Criminal Law Overview

Criminal Law Overview

Most of the serious crimes committed in the United States and elsewhere are committed while the suspect is under the influence of alcohol or of a drug.  Until recently in California, fully one-third of the population of our state prisons is in custody serving 90-day parole violations for testing dirty for illegal substances while on parole.  Most of the people serving time in our jails and prisons are there for committing drug and drug-related offenses.

At the same time, in studies conducted in prisons and published by child advocates, it is reported that 65% of the men in prison admit on their intake interviews to having been molested as a child.  The statistics for women in prison who were molested as children is staggering.  Child advocates report that in America one in three girls is molested before age 9, while one in four boys is molested before age 14.  This awful truth has been known, yet little has been done to break the cycle of abuse.

The correlation between child molest and substance abuse is complex and little studied.  However, it is not difficult to understand how a child who is molested, most often by an adult in a position of relative authority to that child, will grow up with a lack of understanding of boundaries and a lack of respect for authority.  This child is further handicapped by shame and lack of self-esteem which can easily lead to a cycle of substance abuse as a form of self-medication.  The substance abuse can lead to a secondary wave of abuse by the perpetrator, who further berates the child as a “worthless addict or alcoholic.”

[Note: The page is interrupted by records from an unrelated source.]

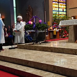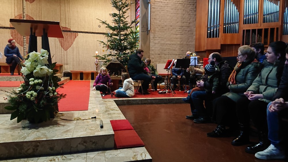 Tina Fegerl hat mit den Kindern in vielen Proben wieder ein tolles Krippenspiel einstudiert und eine besinnliche Andacht vorbereitet. Musikalisch begleitet wurde es von eine Bläsergruppe von klein bis groß.
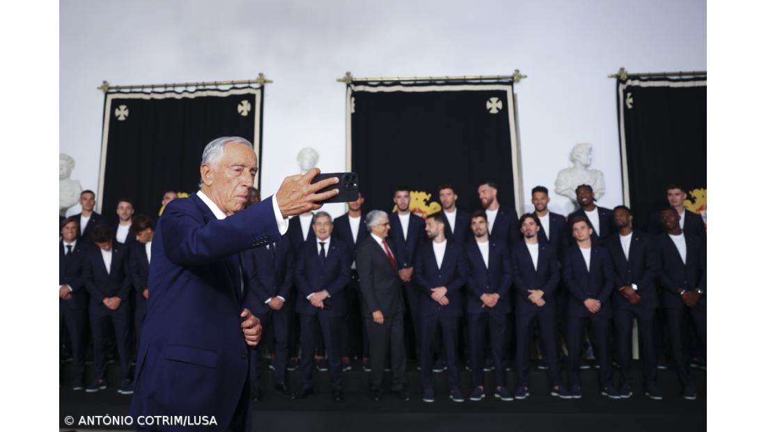 Marcelo e o presidente da Assembleia de República, José Pedro Aguiar-Branco, receberam no Palácio de Belém a comitiva lusa, chefiada pelo líder da Federação Portuguesa de Futebol, Fernando Gomes, e tiraram uma fotografia de grupo, antes de a seleção rumar em 13 de junho à Alemanha para o Europeu.
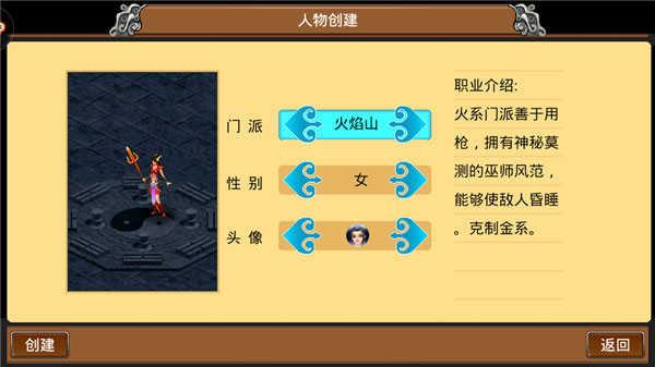 阐教阵营的金系门派.门下弟子善于用枪,能够封印敌人法术.该职业,法功高,防一般;鬼王寨,西方教派阵营的木系门派.门下弟子善于用爪,能够对敌人下毒.这职业还没玩过;水晶宫,西方教派阵营的水系门派.门下弟子善于用剑,能够使敌人混乱.该职业属于奶妈;火焰山:西方教派阵营的火系门派.门下弟子善于用枪,能够使敌人昏睡.该职业,出手速度最快;黑风洞:截教阵营的土系门派.门下弟子善于用刀,能够使敌人石化。
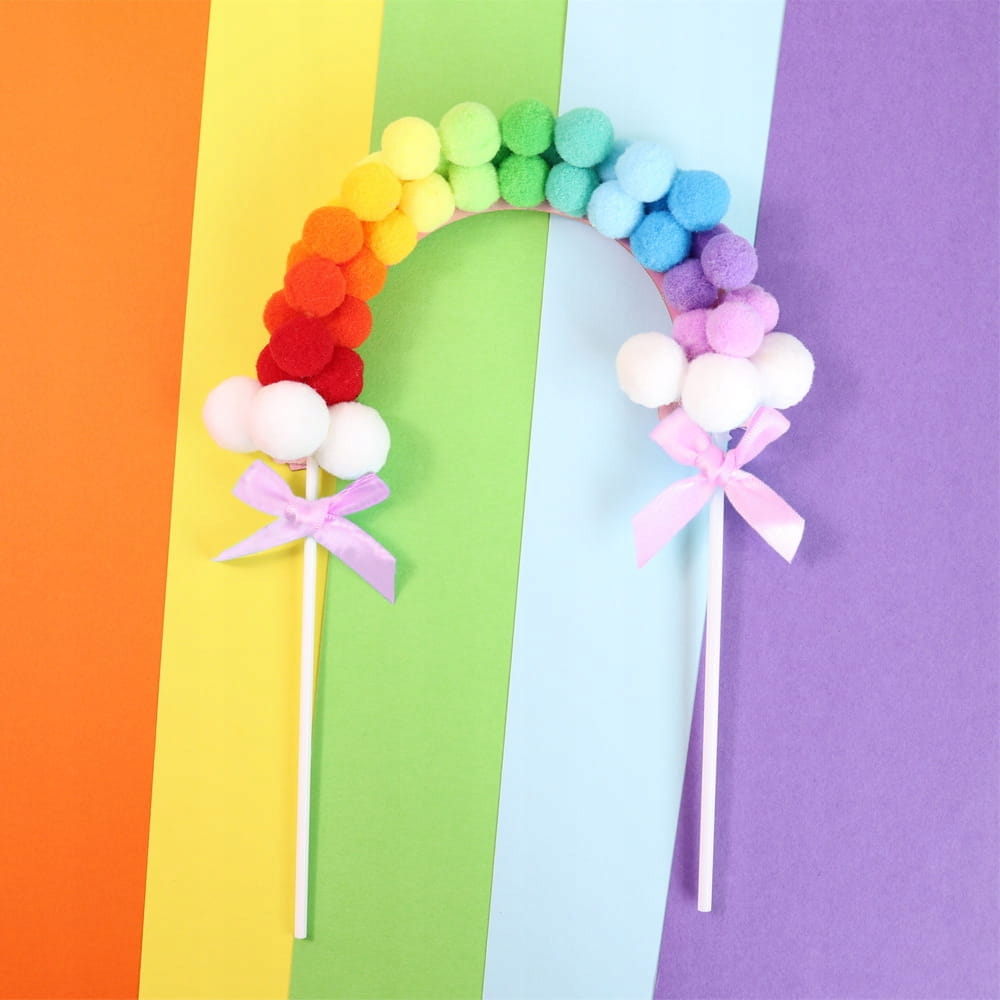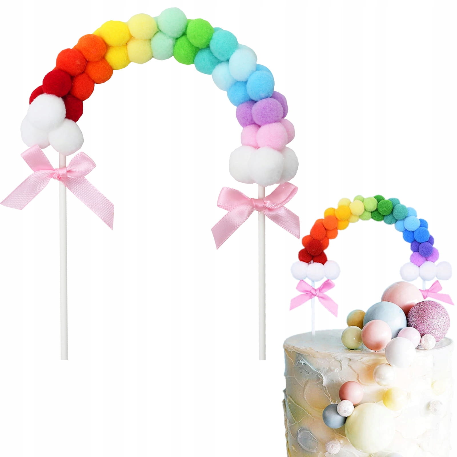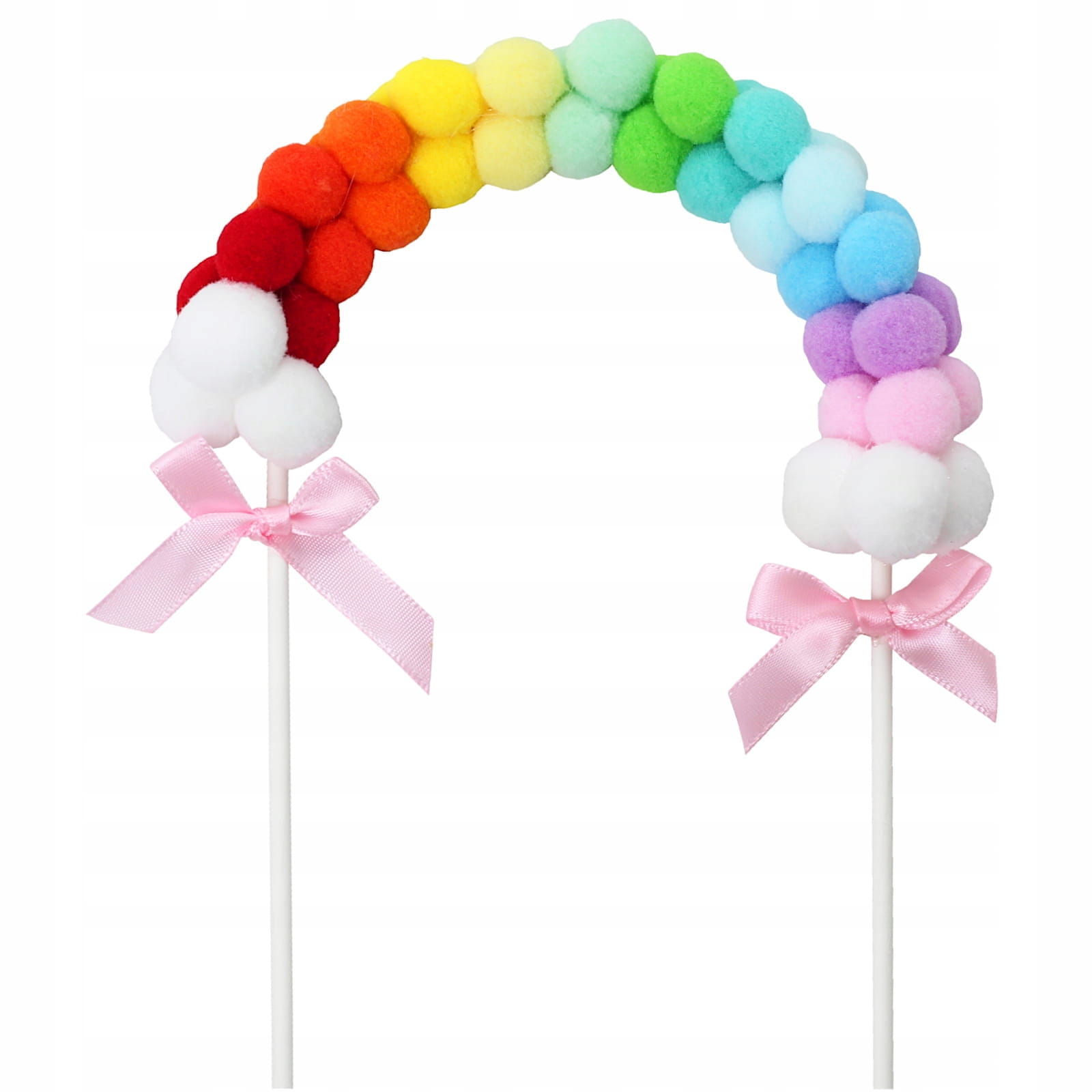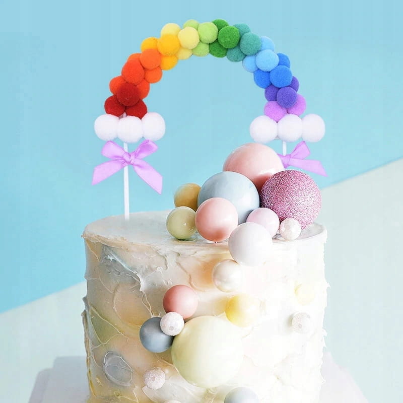 - dekoracja urodzinowa na tort, topper kolorowe pomponiki, tęcza
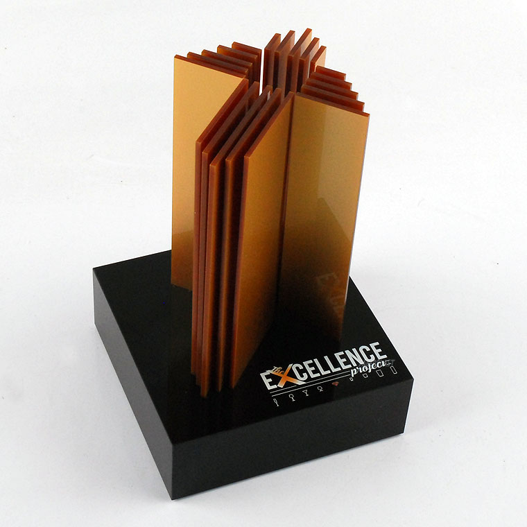 Trofeo metacrilato realizado para el concurso de coctelería: EXCELLENCE PROJECT. Fabricados con placas de metacrilato negro y oro brillo (Plexiglas-pmma). Con impresión digital directa de alta calidad en la base con diseño aportado por el cliente.
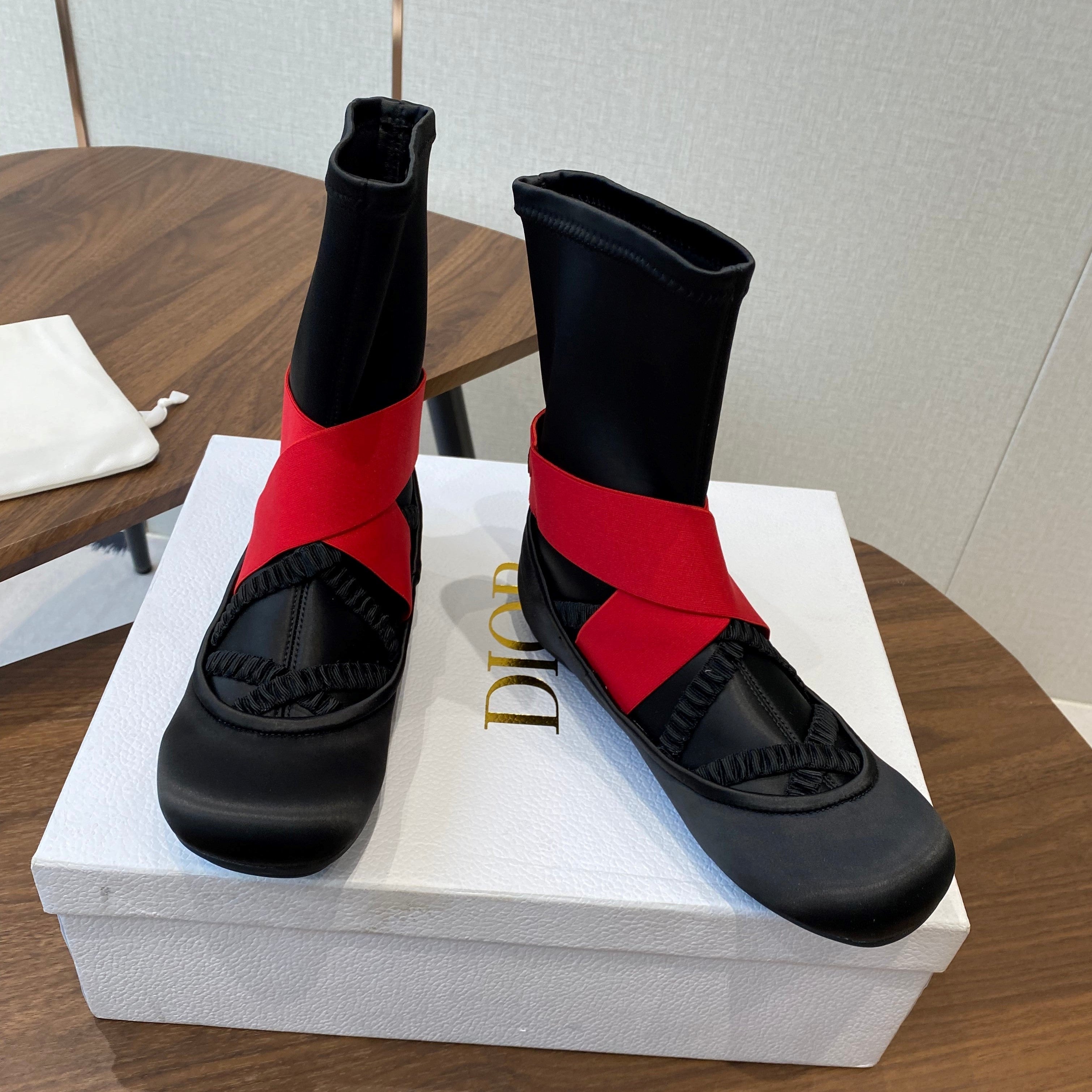 CD Ballet Stretch Boots Black Red Sheepskin Fabric 431501
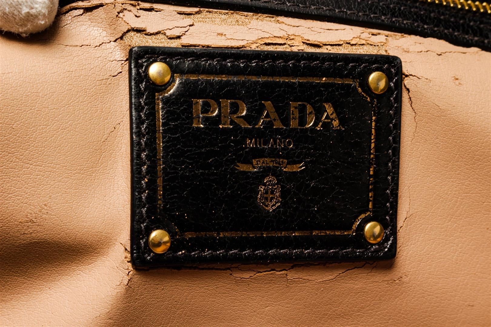 One Prada Black Leather Tote Bag. Item is sold AS-IS. All available information is listed in the description and shown in the photo. Prada black leather tote bag with gold-tone hardware, zip pocket, dual handles and logo on the front. Please note: Lining is very peely.
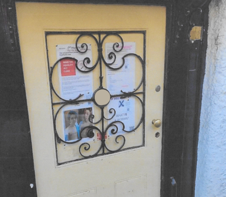 The front door display, which the Council labelled “hate speech”, includes materials from campaign groups Transgender Trend, Sex Matters, and Women’s Rights Network.

Although alcoholism and drug addiction have been recognized and treated as “a disease,” the correlation between alcoholism and drug addiction to child molest and abuse has not gone unnoticed.  For years, Alcoholics Anonymous and Narcotics Anonymous have recognized the need for addressing the underlying issues of the individual in their “fearless and searching moral inventory.”  But the issues are often so shameful and painful to the recovering alcoholic or addict that the issue is suppressed for years before they are addressed, if ever.

If alcoholism and drug addiction is indeed a genetic disease it should be treated aggressively under a medical disease model.  However, the cycle of child molest and abuse passed down from generation to generation, and sometimes skipping a generation, can look like a genetic disorder.  A child who grows up with a lack of a healthy understanding of boundaries can become a parent or aunt or uncle or grandparent visiting his or her disease upon the child of the next generation.

It is with this perspective on child abuse, alcoholism, drug addiction and crime that I advocate teaching lawyers and paralegal professionals criminal procedures from the perspective of the client.  I do not intend to imply that we should excuse people for the crimes that they commit.  Accepting that we are responsible for our own actions is the beginning of learning societal boundaries.  However, if we are ever to address the issues of crime and drug abuse in this country, we must open our eyes to see the relationship that they have to one another and to the problem of child abuse.

In order to break the cycle of crime, it is clear that we must address the issues of alcoholism and drug addiction in our society.  We can break the cycle of alcoholism and drug addiction by the rigorous pursuit of sobriety by a host of recovery modalities and education.  And to ensure a safer and healthier future for our children, we must develop education and methodology to address the root problem of child abuse.  Longer periods of incarceration and larger prisons will not protect us from this problem.